19. Training, Cadence, and Failure Recovery
Friday, 2:18 p.m., the building going quiet at the edges, the habits already starting to slip before people scatter.
The rollout looked good for six weeks. Then one lead change, one urgent supplier issue, and one skipped review cycle later, old behavior was back. The relapse analysis found three gaps: the skipped review had been covered by a handoff email, not a backup-trained lead; the lead change had no ownership-transfer protocol; the supplier issue had triggered an exception meeting that displaced the review cadence without a recovery date.
Three controls were added: a named backup DRI for each cadence slot, a thirty-day cadence audit after any lead change, and an explicit recovery trigger — if any scheduled review is displaced, the next one is held within five days regardless of program pressure. Six months later, a second lead change hit the same team. The cadence held.
- Old process: rollout with no durability controls — one personnel change and one supplier escalation collapsed the review cadence; no backup-DRI assignment, no recovery trigger.
- Artifact changed: backup DRI assignments per cadence slot, a thirty-day cadence audit following any lead change, and a five-day recovery trigger for displaced reviews.
- Measured improvement: a second lead change six months later did not produce a relapse; the cadence held through the disruption.
- Cost of the gap: six weeks of apparent adoption followed by full relapse — all adoption work restarted, plus a program quarter of uncontrolled drift during the collapse.
Training is behavior transfer, not slide transfer
New people do not need the full theory first.
They need operational moves in context.
Onboarding minimum:
- ownership map and closure expectations,
- one-page truth mechanics and source links,
- risk trigger/escalation behavior,
- decision record standard.
Teach these on live program threads, not in abstract slides only.
Cadence is the enforcement mechanism
Without cadence, standards drift into preference.
Minimum cadence set:
- weekly decision/risk sync (updated decision log and risk register entries),
- fixed one-page refresh rhythm (published one-page status before each review),
- gate prep/check with artifact traceability (gate artifact delta from the record system),
- monthly retro on control-loop failures (playbook update with named control adjustments).
Cadence should be predictable and short enough to survive workload spikes.
A PM who has a reliable weekly cadence stops pinging for status between reviews. Not because they stopped caring about the program — because the cadence has given them a predictable artifact update they can trust.
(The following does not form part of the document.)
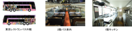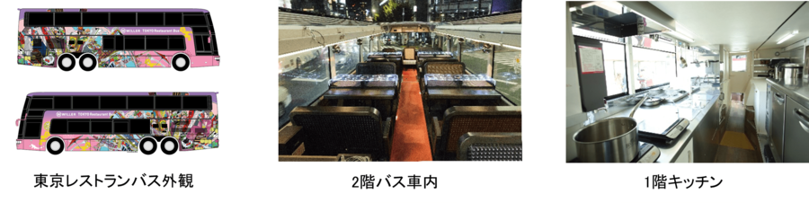 移動と食の融合により新たな感動体験を提供する「レストランバス」は、1階にキッチン、2階には対面式の座席とテーブルを備え、透明で開閉可能なオープンルーフは開放感があり、いつもと違う目線から眺める景色と、本格的な料理をお楽しみいただけます。東京レストランバスの外装は、東京らしさをイメージし、多数のビル群や観光名所を“食”と掛け合わせてポップなカラーリングでデザインしています。内装は、シックな色合いでまとめ、夜は調光可能なLEDと間接照明により、高級感あふれる落ち着いた空間になっています。
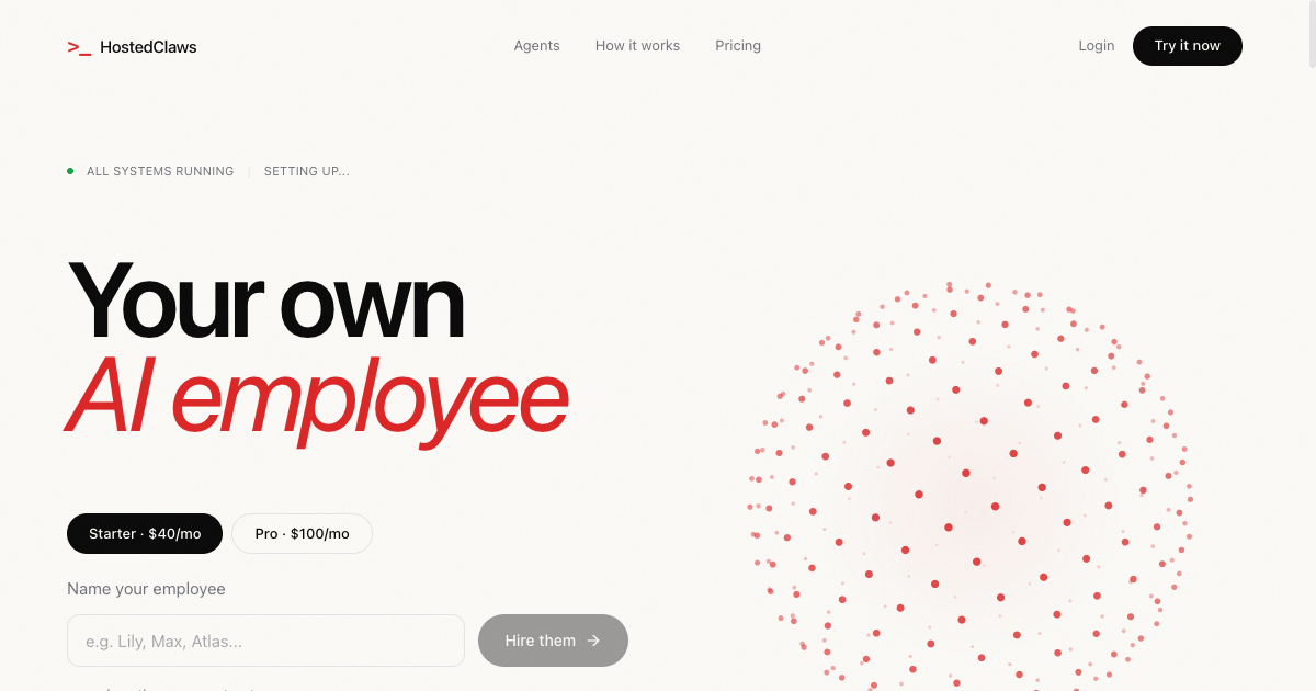 介绍:大多数人都知道人工智能可以帮助他们的业务,但不想费心处理服务器、API或那些复杂的技术问题。HostedClaws 提供了一个个人AI助手,它会在 Telegram 上全天候工作------帮你处理邮件、安排日程、进行研究和写作。费用从每月40美元起,无需技术技能。设置只需5分钟。你可以像和朋友聊天一样给它发消息,比如"把我下午3点的会议改到星期四"、"给那个失联的客户发一封跟进邮件"、"总结一下我未读的邮件。"

The engineering lead who has locked a working cadence has bought themselves a working environment.
Failure recovery without blame loops
When the system slips:
- identify the control that failed (owner, record, gate, risk, status),
- identify why it failed (capacity, ambiguity, missing authority, poor handoff),
- restore minimum behavior on one active thread,
- capture adjustment in playbook.
Do not frame recovery as "who failed process."
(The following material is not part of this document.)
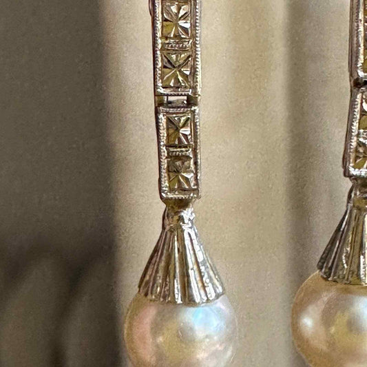 Antique Art Deco 18k White Gold pearl emerald and diamond dangle earrings

Frame it as "which control failed under what condition."
Metrics for real adoption
Activity metrics mislead when closure and mismatch outcomes stay flat.
Track these signals across consecutive cycles — a single-cycle improvement can be noise; a sustained trend is the signal:
- decision closure cycle time,
- reopen rate on closed decisions,
- one-page vs source mismatch frequency,
- late risk discovery rate,
- unresolved ownerless decision count.
If these metrics improve for two reporting cycles, behavior is changing.
If only template completion improves while outcome metrics stay flat, adoption is cosmetic.
Turnover resilience
Systems fail at role transitions unless handover is explicit.
Require handover package for key roles:
- active decisions and owners,
- top risks and triggers,
- current one-page state,
- unresolved escalations,
- next gate commitments.
This turns personnel changes into manageable events.
Keep the bar practical
Overly rigid process breaks under load spikes.
Overly loose process breaks when ownership or data is ambiguous.
Durable cadence means:
- strict on ownership and traceability,
- flexible on meeting format and local workflow details.
Eight weeks later, same program. The lead changed. The supplier issue hit. The review cycle slipped by one day, not three weeks — because the one-page had been published before Friday, the risk register named an owner on the supplier item, and the incoming lead read both before the first review. The handover package was on the shared drive: active decisions, top risks, current one-page, unresolved escalations, next gate commitments. - Old process: cadence habits lived in people, not program artifacts — when people changed, habits reset.
- Artifact changed: the handover package and the locked one-page refresh cadence, converted from personal routine to documented system requirement.
- Measured improvement: successor lead fully operational within one cycle instead of six weeks.
- Cost of the gap: six weeks of apparent stability built on individual memory, not system.